E ele, então, francês, muçulmano, filho de argelinos criado na França, à qual civilização ele pertence, na visão de Claude Guéant? E na visão daqueles que o escutam? “Estão cansados de misturas. Toda eleição presidencial é a mesma coisa, querem assustar com os imigrantes, os muçulmanos, os subúrbios”.

Uma longa passagem da entrevista à “Figaro Magazine” de sábado (10), na qual Nicolas Sarkozy esboçou os contornos de seu futuro projeto presidencial, se dedicava à imigração. Ele falou especificamente em duas ondas: uma antiga, “de uma comunidade cultural e religiosa muito próxima de nossa história” que “pudemos integrar ao caldeirão republicano”, e uma outra “mais recente” que “é diferente”. 

Ao dizer que era contra os estrangeiros poderem votar nas eleições locais, ele alegou o risco de ver cantinas se tornando “halal” [que segue os preceitos islâmicos] e piscinas reservadas para mulheres.

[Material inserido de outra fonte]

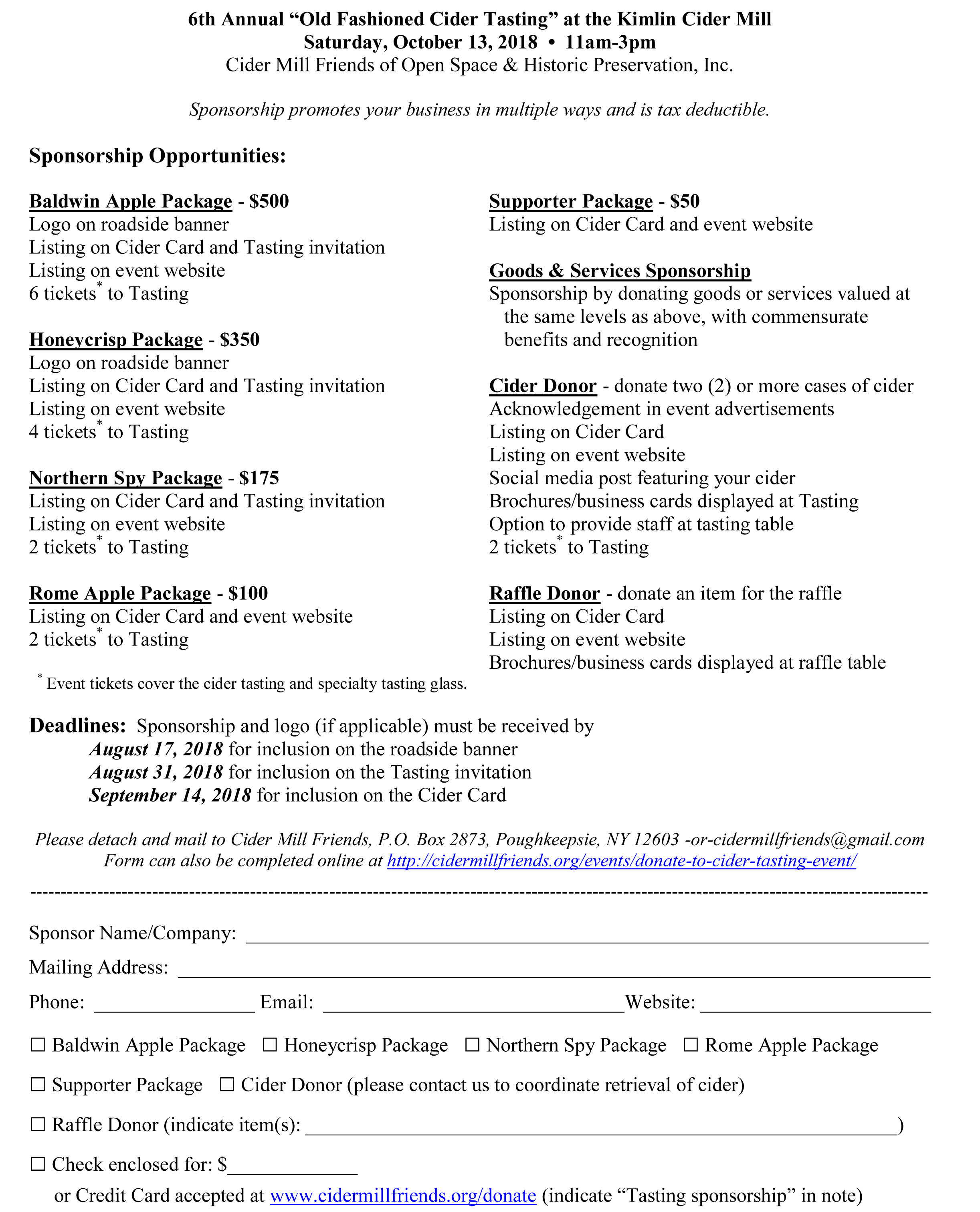 We invite you to join us as a sponsor of this event which is our major fundraiser. Event sponsorship is a wonderful way to advertise your business and support the preservation of the Mill. We offer extensive promotion of sponsors, fully described here and below. The roadside banner on Cedar Avenue advertises the event to nearly 2,500 cars per day; invitations are mailed to 750 supporters; emails go to 450 subscribers; the cider card is handed to our hundreds of guests; and the event and sponsors are shared through our website and Facebook page with 500 followers.
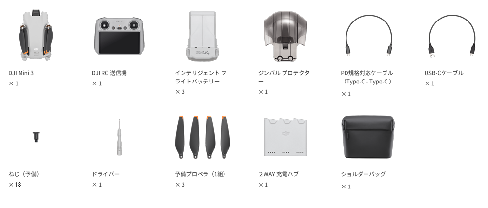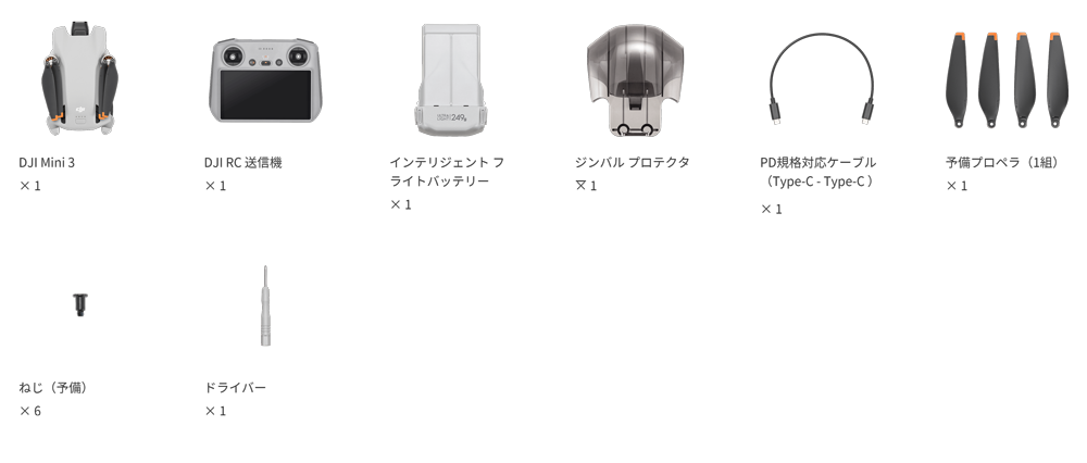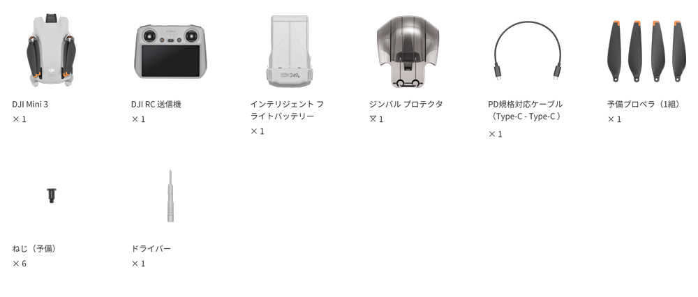 | 名称 | DJI MINI 3 Fly More コンボ(DJI RC付属:ディスプレー一体型送信機) |

“Os políticos misturam tudo para mexer com o medo das pessoas. E depois eu vejo no dia a dia esse medo nos olhos delas, olhares de reprovação para mim, pelo fato de que tenho um emprego, por exemplo...” ele explica. 

“Tenho nacionalidade francesa, servi o Exército, cantei a Marselhesa. Respiro e durmo  a França, sou 100% francês. Mas, para eles, continuo sendo um imigrante. Então o que devo fazer? Cheguei à França bem novinho, fiz todos meus estudos na França, sou um ardoroso defensor da laicidade, sou um homem honesto, então me diga: o que mais preciso fazer para que simplesmente me vejam como um francês?”, ele se revolta.

E diz ainda: “Estou cansado do fato de que sempre só olhem para o passado, inclusive que certos imigrantes ainda se refiram à colonização. Acabou, é preciso seguir em frente, foi isso que ensinei a meus filhos. Mas, toda vez, essas declarações estigmatizantes nos jogam para trás.”

Ele fala sobre seus três filhos: o mais velho trabalha com segurança, a segunda estuda administração e a última está prestando vestibular para literatura. “Não é por mim que isso me magoa. É por eles. Eles adoram a França e não quero que eles passem pelo que passamos, pela discriminação”. 

Em alguns minutos, ele listou os exemplos de jovens com Bac+5 [algo equivalente a um mestrado] que não conseguem encontrar emprego apesar de seus diplomas. “Hoje, meus filhos sonham em ir trabalhar no exterior. Um amigo foi morar na Austrália: lá, seu nome magrebino nunca causou problemas!”, ele conta.

Para a eleição presidencial, ele fez sua escolha: no primeiro turno, votará em François Bayrou. “Porque, ao contrário de François Hollande, ele não promete mundos e fundos. Aqui, desde Mitterrand, não se acreditam em belas promessas. Bayrou é sincero: ele nunca escondeu as dificuldades. E ele tem uma postura presidencial, ele nunca eleva o tom de voz. Ele não procura incitar o ódio entre as pessoas dizendo que umas são melhores que outras”.

“Liberdade, igualdade, fraternidade - acredito nisso. Mas seria bom que houvesse fraternidade também, para que a França reencontrasse seu prestígio”, ele conclui antes de acrescentar: “É um país que possui tantos belos valores, não podemos aceitar que uns poucos os sabotem, falando qualquer coisa.”

"Meus valores para a França” era o título da grande entrevista através da qual Nicolas Sarkozy esboçou sua campanha.